# Water Unit Conversions



## glenos (3/4/09)

I have had a client ask for some results in degrees German hardness and we work in mg/L and I have been having some trouble finding all the conversions.

what I have is the following:

Our report for will be issued in mg/L, to convert this to dH the follwoing factors apply:
Ca dH = [Ca mg/L] / 7.118 
Mg dH = [Mg mg/L] / 4.317
Alkalinity dH = Alkalinity as CaCO3 mg/L / 17.848 *- I am not sure about this one.*
Hardness dH = Hardness as CaCO3 mg/L / 17.848

We calculate hardness using the following forula:
Hardness as CaCO3 mg/L = 2.497*[Ca mg/L] + 4.118*[Mg mg/L]

So by applying the above factors and doing some internet searching I have come up with the following:

Residual alkalinity dH = Alkalinity dH - Ca dH / 3.5 - Mg dH / 7
Residual alkalinity mg/L = Alkalinity mg/L - Ca mg/L / 1.4 - Mg mg/L / 1.77

I have plugged in a real sample and come up with the following numbers, do they seem right?

ppm	divide by	dH
Ca	32	7.118	4.50
Mg	7.6	4.33	1.76
Alkalinity	110	17.848	6.16
Hardness	111.20	17.848	6.23

RA	82.70 4.63

sorry for the loss of formatting on the table at the end, how do I make it look pretty.


----------



## jonocarroll (3/4/09)

Does this help? Unit coversion can also be found here.
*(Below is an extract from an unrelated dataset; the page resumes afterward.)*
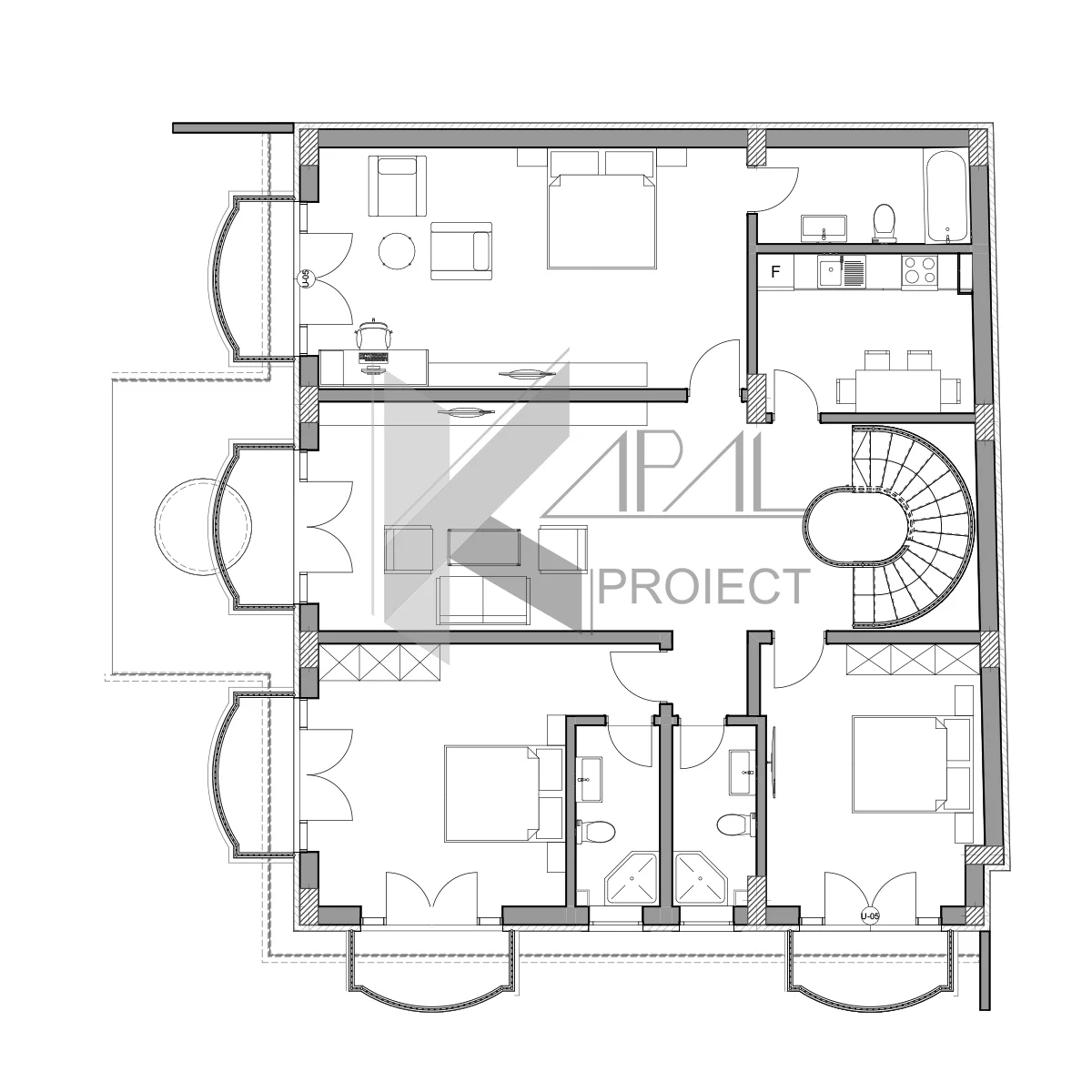 Proiectul propune o locuință clasică cu volumetrie echilibrată și detalii arhitecturale elegante, concepută pentru familii care își doresc spațiu, funcționalitate și o imagine atemporală. Regimul S+P+1E+M eficientizează suprafața utilă de 496,36 mp, oferind zone de zi ample, un birou pentru profesii liberale la parter și un nivel de intimitate ridicat prin cele 7 camere distribuite pe etaj și mansardă.

Note that I didn't quote the whole post just to reply to it, people??? That's next in line for getting on my nerves


----------



## Adamt (3/4/09)

Your calculations look right, I think!

:icon_offtopic: 



QuantumBrewer said:


> Does this help? Unit coversion can also be found here.
> 
> Note that I didn't quote the whole post just to reply to it, people??? That's next in line for getting on my nerves



+1


----------